Al-Hemeiri found that there is something about foosball that enables people to forget about who they are and where they come from and think of one another simply as other students in the Baraha. “It was incredible,” she said. “My foosball skills became very intense, to the point that I beat a lot of male players. The look on their faces afterwards was hysterical.”
This divide seems to transcend the social. Mariam*, Class of 2021, pointed out that this lack of integration may apply to any dominant nationality on campus. “I think it’s essentially a matter of being comfortable and safe identifying with people from your home country while being in such an overwhelmingly international community on campus. I mean, I can make friends from all over the world, but the people closest to me have always been Emirati,” she said.
Some students also take issue with how this lack of integration is framed — specifically, as a problem that needs to be resolved. To these students, this assertion seems unfair and neglects the nuances of the matter. Hamda*, Class of 2018, asserted that she had never seen an Emirati who does not have any non-Emirati friends on this campus.

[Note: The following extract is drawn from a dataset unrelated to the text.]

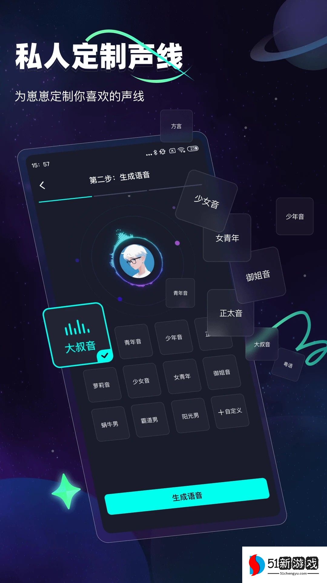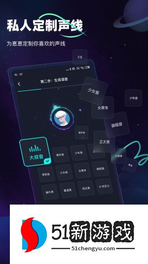2. 进入自定义语音界面后,您可以根据个人喜好从多种语音类型中进行选择,单击“生成”按钮,快速生成专属语音。

“One thing that may be what leads to the perception [of lack of integration] is the visibility factor … When you’re looking at Emiratis and seeing people in kandoras and abayas clustered together, it makes them stand out, and even though each of these Emiratis would then go their separate ways and meet with their non-Emirati friends, individually they are not as visible as when it’s a group standing together,” she said.
Brian Kim, Class of 2020, agreed.
“As misinformed people who might not have had any interactions with the Emiratis, people assume that Emiratis are aloof, or don’t care. And because they mark themselves with their dress — oftentimes you see a cloud of white kandoras or black abayas — you don’t interact with them,” said Kim.
There is also the issue of the approachability of Emiratis, which Kim attributes to a perceived difference in values among students, especially since NYUAD is a liberal arts college. Due to the perceived conservatism of Emiratis, Kim added, people often assume that they might not accept liberal people or ideas.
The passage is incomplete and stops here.